Lejos de terminarse su labor, quedaban varios flecos pendientes con los fugados de la Justicia española a los que no ha dejado de reclamar. Las piezas de situación personal de los procesados Lluis Puig, Antoni Comín, Clara Ponsatí y el propio Carles Puigdemont se encuentran a la espera de impulso judicial en España, previo cumplimiento de las órdenes de detención europeas dictadas contra ellos y sujetas a la Decisión Marco 2002/584/JAI del Consejo, de 13 de junio de 2002, en su versión modificada por la Decisión Marco 2009/299/JAI del Consejo, de 26 de febrero de 2009.
Tres frentes contra el prófugo
La tarea de Llarena contra Puigdemont se sitúa ahora en tres frentes:
- En el Tribunal de Apelación de Sassari que, el próximo 4 de octubre tendrá que decidir si entrega al expresidente catalán a España, para que responda de los presuntos delitos por los que está siendo reclamado en nuestro país, o le deja en libertad.
- En el Tribunal General de la Unión Europea (TUE), al que ha recurrido Puigdemont solicitando medidas de protección cautelarísimas, para recuperar su inmunidad.
- Y ante el Tribunal de Justicia de la unión Europea (TJUE), donde se estudia la cuestión prejudicial sobre el alcance de las euroórdenes dictadas por el magistrado del Supremo español contra los líderes separatistas.
En este último caso, el juez Pablo Llarena trata de que el órgano europeo se pronuncie sobre la necesidad de emitir nuevas Órdenes Europeas de Detención contra todos los fugados o si, por el contrario, es suficiente con mantener las ya «vigentes», que lo están desde el 14 de octubre de 2019 a petición de la Fiscalía, como el propio magistrado confirmó, el pasado viernes, en el oficio dirigido a los jueces italianos encargados de resolver el entuerto jurídico contra Puigdemont.

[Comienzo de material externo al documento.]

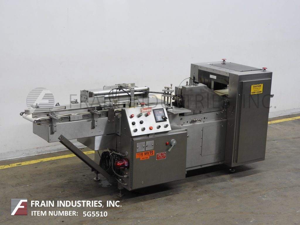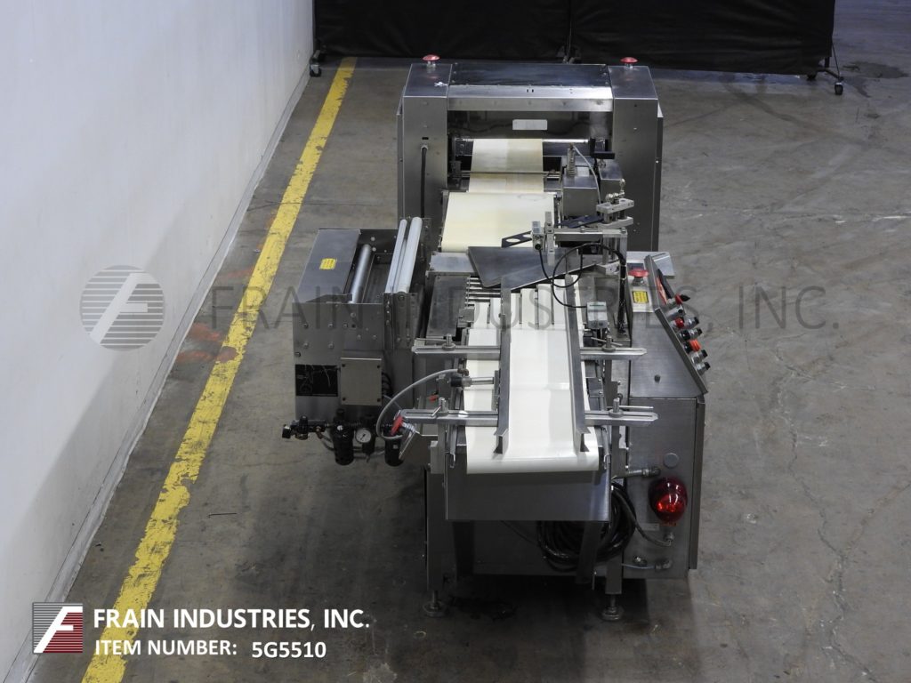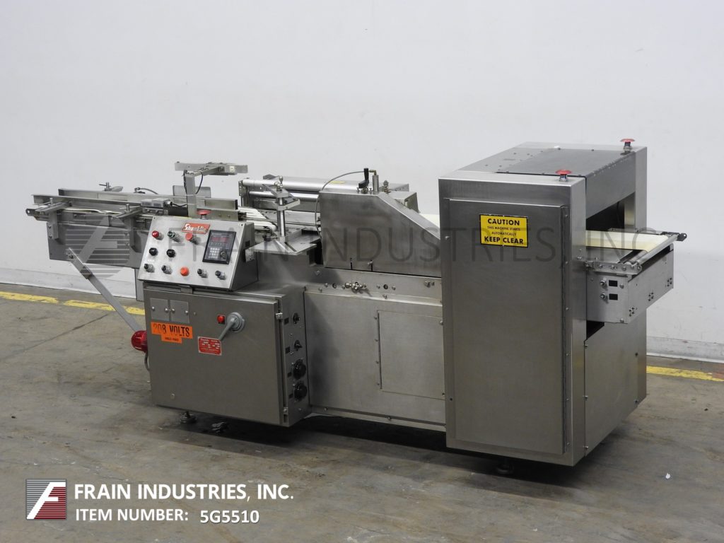 返回所有设备Shanklin F-1型,自动,连续运动,内联流通过收缩包装器额定从0到60线性英尺每分钟产品数量-取决于材料和应用。不锈钢结构。包装尺寸范围:长度6"至48";2"至16"宽度;1/8“到6”的高度。最大薄膜尺寸:22英寸折叠。配有侧膜放卷,折叠膜卷,打孔机,双线侧封和18"宽热刀切断,双17"长× 13"宽的饲料输送机和21"长× 10"宽的卸料输送机。控制面板采用A/B PLC,带有触摸板控制器和数字读数。安装在基础框架与水平腿。
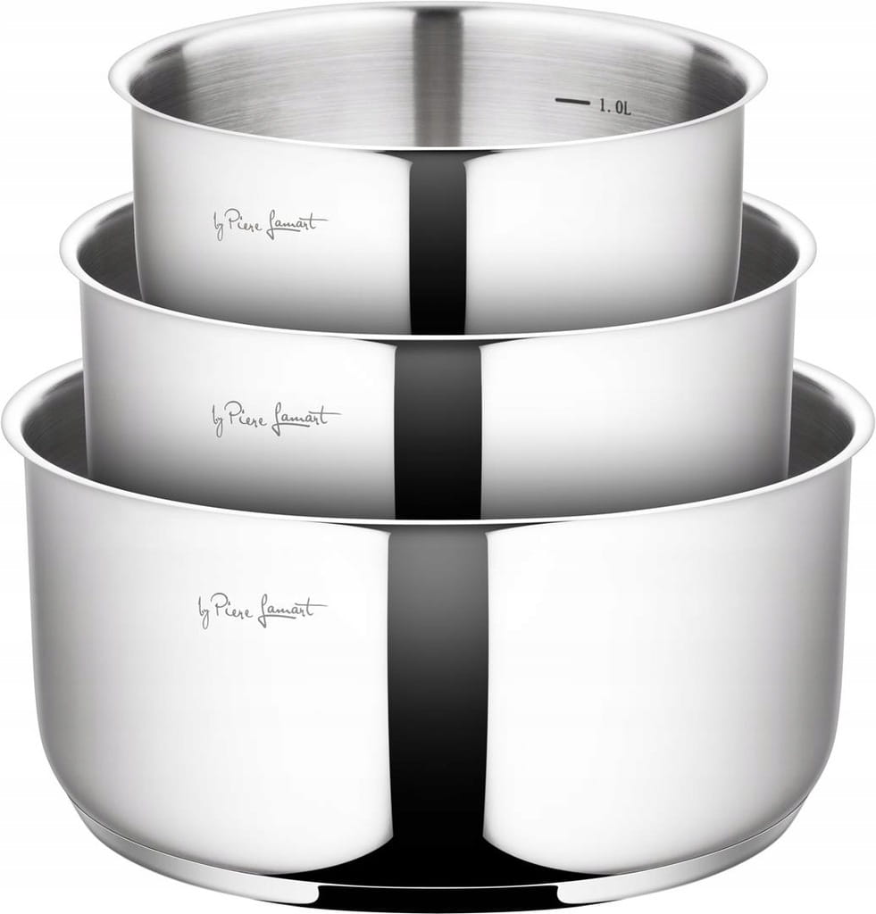 W skład zestawu wchodzi uniwersalna pokrywa o rozmiarach odpowiadających garnkom wyprodukowana ze stali nierdzewnej
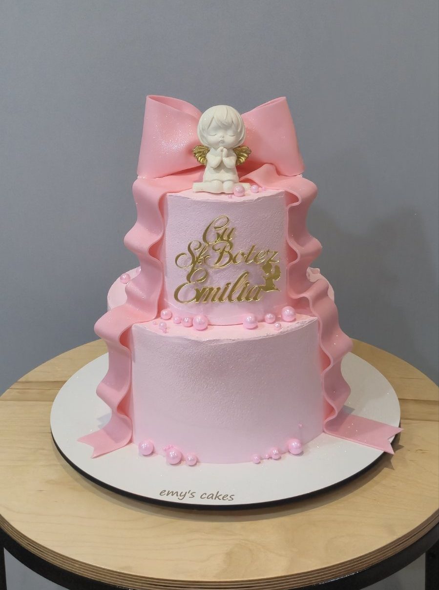 Tort elegant cu două nivele (minim 5 kg), acoperit în cremă roz, decorat cu fundă mare, îngeraș și perle. Potrivit pentru botez, cumetrie sau prima aniversare. Decorul complet costă 500 lei (îngeraș, fundiță, topper), platou metalic 300 lei (garanție). Personalizare tematică, alegere aromă din lista Emys Cakes. Livrare Chișinău și prezentare deosebită pentru eveniment special.
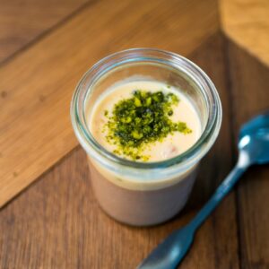 Crème de mousseline pralinée, biscuit moelleux et noisettes torréfiées
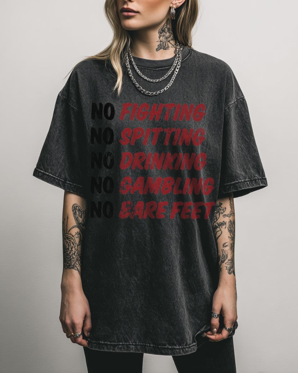 Searching for a Caddyshack Movie Quote T-Shirt? Embody the irreverent humor of a classic film with our **No Fighting, No Spitting, No Drinking, No Gambling, No Bare Feet T-Shirt**, a fan-created graphic tee for movie buffs. This black acidwash shirt features a memorable quote from Caddyshack, making it a perfect piece for fans of Bill…
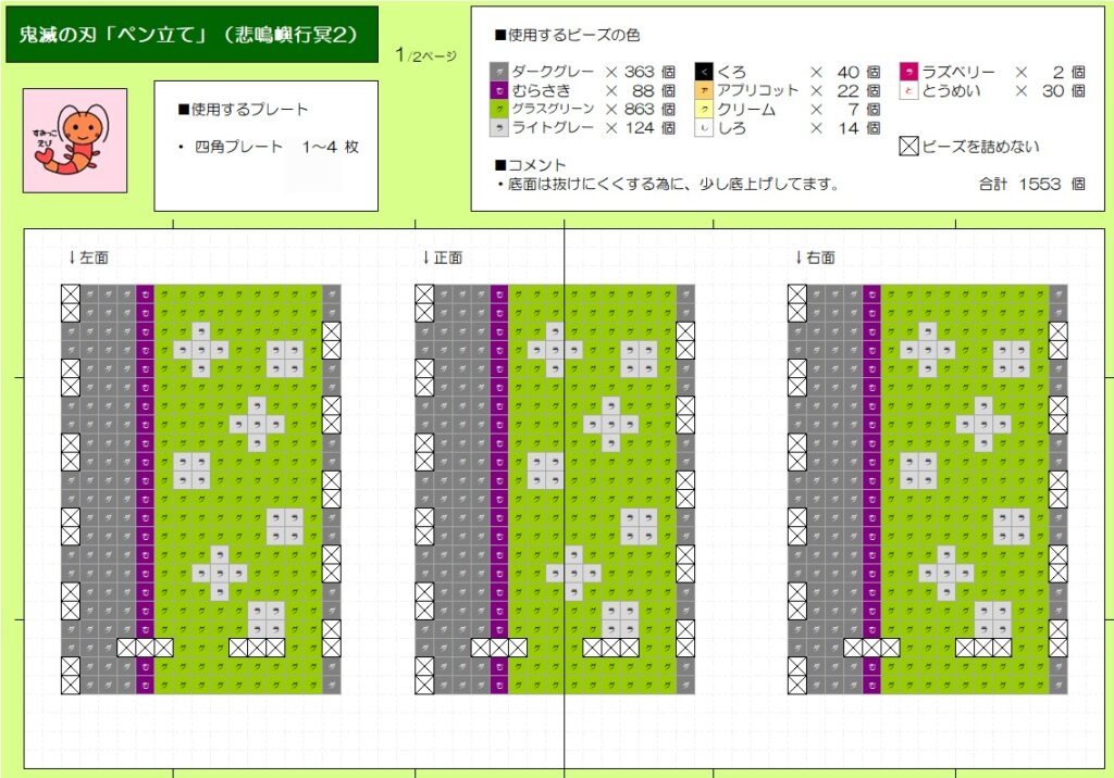 図案と組立動画を掲載してるので、良かったら参考に作って下さい。

La primera Euroorden dictada contra los prófugos del procés fue retirada por el instructor Llarena en julio de 2018, una vez que el tribunal regional alemán de Schleswig-Holstein acordara la extradición del exvicepresidente catalán a España pero sólo para ser juzgado por malversación y no por rebelión, como pedía el magistrado quien rechazó entonces la entrega parcial y lamentó que los jueces germanos se hubiesen pronunciado sobre el fondo del enjuiciamiento.
Para evitar un nuevo revés en este sentido y antes de que los tribunales belgas, país de residencia de Puigdemont, pendientes de pronunciarse sobre el futuro del político, emitiesen un veredicto, Llarena se dirigió al TJUE. De los márgenes que fije la Justicia europea dependerá el futuro judicial del expresidente catalán. Por lo que respecta al magistrado, fuentes próximas al Alto Tribunal español aseguran que seguirá insistiendo por los cauces legales previstos para garantizar que responda de sus actos.